W jaki sposób działa gałka oczna ssaków? Gdy rozglądamy się po okolicy, światło po przejściu przez rogówkę i soczewkę pada na kulistą siatkówkę. Wyścielają ją komórki światłoczułe: czopki i pręciki, pod którymi leżą neurony przewodzące bodźce wzrokowe.

Reklama

Konstrukcja ta, niby prosta, okazała się jednak wyjątkowo trudna do skopiowania. Prace nad urządzeniem, które działałoby dokładnie tak jak oko człowieka, trwają od ponad 20 lat. I mimo starań nie zdołano znaleźć rozwiązań, które dorównałyby tym wykorzystanym przez naturę. Uczonym całkiem nieźle udawała się budowa płaskich materiałów światłoczułych (takich jak matryce w aparatach fotograficznych). Do tego celu wykorzystywano półprzewodniki, plastik lub szkło. Jednak ugięcie ich - co m.in. zwiększyłoby kąt widzenia oraz ilość rejestrowanego przez urządzenie światła - nigdy nie skończyło się powodzeniem.

Nie umiejąc uwypuklić części światłoczułej, inżynierowie chwytali się innych sposobów. I tak np. w aparatach fotograficznych, by zniwelować nieco płaskość matrycy i zniekształcenia na brzegach obrazu, stosuje się skomplikowany system soczewek.

Wydaje się jednak, że problem wypukłości został wreszcie przełamany. Naukowcy z uniwersytetów w Illinois i Northwestern po raz pierwszy stworzyli coś, co można nazwać sztuczną siatkówką. Materiałem światłoczułym, jaki wykorzystali, są monokryształy krzemu występujące w bateriach słonecznych oraz wielu używanych przez nas na co dzień urządzeniach elektrycznych. Cała zaś sztuka polegała na zastosowaniu takiego procesu produkcji, by krzem spełniał swoje zadania nie tylko wtedy, gdy będzie leżał płasko, lecz także wtedy, gdy umieści się go na półkuli.

W tym celu uczeni opracowali specjalny system konstrukcji sztucznego oka. Składa się on z kilku etapów. Najpierw z elastycznego tworzywa sztucznego powstaje półkula. Potem uformowaną w ten sposób gumę rozciąga się, tak by stała się zupełnie płaska. Nanosi się na nią monokryształy krzemu połączone metalowymi mikrodrucikami i uwalnia, by ponownie odkształciła się w półkulę. Co istotne, uginają się wtedy druciki, a nie krzem. Następnie tak wygięte monokryształy krzemu przenosi się na szklaną powierzchnię (oczywiście w kształcie sfery), dołącza prostą soczewkę i podpina do elektroniki. I w ten sposób powstaje niewielka (o średnicy ok. 2 cm), a jednocześnie bardzo efektywna kamera budową przypominająca ludzkie oko.
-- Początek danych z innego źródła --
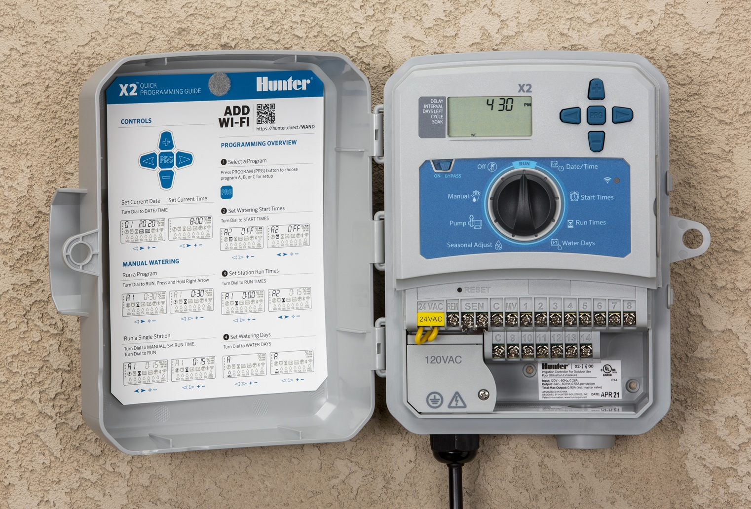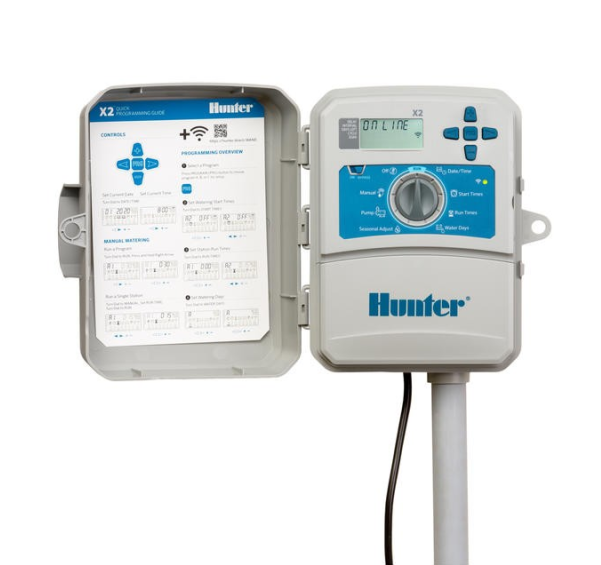 Programmateur X2 Hunter 4 à 14 stations. Fonctionne en WIFI avec le module Wand. Écran rétroéclairé. Idéal pour l'arrosage résidentiel et commercial léger.

"Sposób konstrukcji, jaki zastosowaliśmy, sprawi, że w przyszłości elektronika może trafić do miejsc, o których wcześniej w ogóle byśmy nie pomyśleli" - mówi John Rogers, jeden z autorów opublikowanej w "Nature” pracy. I nie chodzi mu wyłącznie o roboty, które wyposażone w takie oczy, przypominałyby Terminatora, albo o protezy dla niewidomych. Jednym z możliwych zastosowań nowej kamery byłoby wykorzystanie jej jako czujnika znajdującego się wewnątrz ciała, pozwalającego np. na śledzenie ilości tlenu, jaki znajduje się w krwiobiegu.